▸ **Entries provided**:

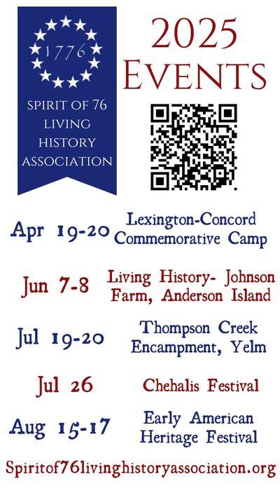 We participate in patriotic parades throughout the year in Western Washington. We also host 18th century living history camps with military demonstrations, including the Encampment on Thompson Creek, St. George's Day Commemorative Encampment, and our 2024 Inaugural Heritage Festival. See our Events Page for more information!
...
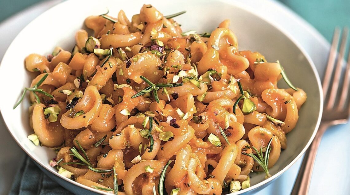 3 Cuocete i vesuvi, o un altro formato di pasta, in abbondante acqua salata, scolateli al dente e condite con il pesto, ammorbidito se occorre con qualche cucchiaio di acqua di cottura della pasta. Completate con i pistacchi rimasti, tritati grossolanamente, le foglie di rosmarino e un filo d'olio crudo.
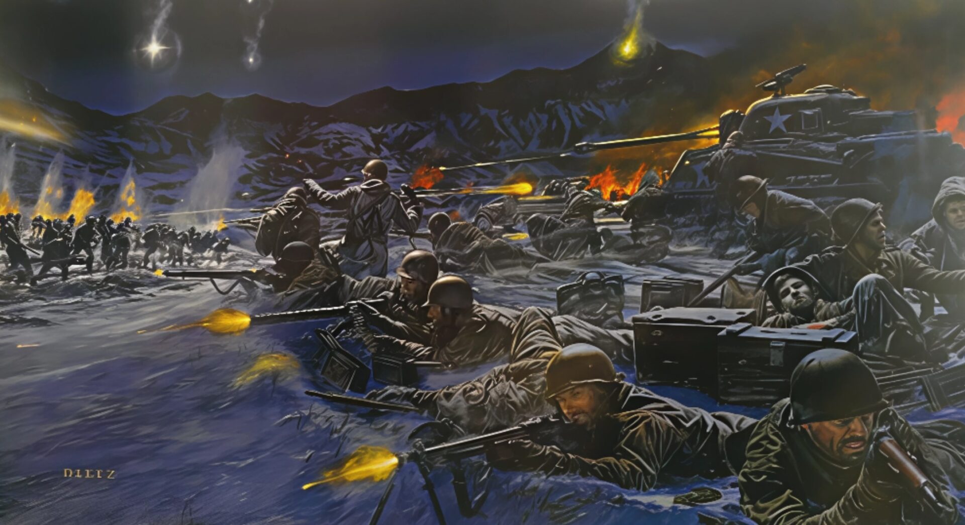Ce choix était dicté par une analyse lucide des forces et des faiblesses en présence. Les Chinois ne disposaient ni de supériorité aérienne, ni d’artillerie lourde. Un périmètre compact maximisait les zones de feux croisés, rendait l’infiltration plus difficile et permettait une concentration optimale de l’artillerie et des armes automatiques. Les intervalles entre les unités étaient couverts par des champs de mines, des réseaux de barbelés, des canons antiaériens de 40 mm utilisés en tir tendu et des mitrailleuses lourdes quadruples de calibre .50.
--
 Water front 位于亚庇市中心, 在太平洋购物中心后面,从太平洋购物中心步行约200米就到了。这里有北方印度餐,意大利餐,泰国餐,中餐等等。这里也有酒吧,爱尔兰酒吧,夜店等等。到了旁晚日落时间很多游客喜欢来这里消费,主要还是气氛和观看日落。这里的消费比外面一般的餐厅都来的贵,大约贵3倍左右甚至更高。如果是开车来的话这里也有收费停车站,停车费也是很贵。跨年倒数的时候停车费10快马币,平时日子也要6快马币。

▸ **What to do**: Go to the line above that has "3 Cuocete i" and copy exactly from there down to the line that has "Ce choix était", both included. Leave the pictures out.

▸ **Finished exercise**:
 3 Cuocete i vesuvi, o un altro formato di pasta, in abbondante acqua salata, scolateli al dente e condite con il pesto, ammorbidito se occorre con qualche cucchiaio di acqua di cottura della pasta. Completate con i pistacchi rimasti, tritati grossolanamente, le foglie di rosmarino e un filo d'olio crudo.
Ce choix était dicté par une analyse lucide des forces et des faiblesses en présence. Les Chinois ne disposaient ni de supériorité aérienne, ni d’artillerie lourde. Un périmètre compact maximisait les zones de feux croisés, rendait l’infiltration plus difficile et permettait une concentration optimale de l’artillerie et des armes automatiques. Les intervalles entre les unités étaient couverts par des champs de mines, des réseaux de barbelés, des canons antiaériens de 40 mm utilisés en tir tendu et des mitrailleuses lourdes quadruples de calibre .50.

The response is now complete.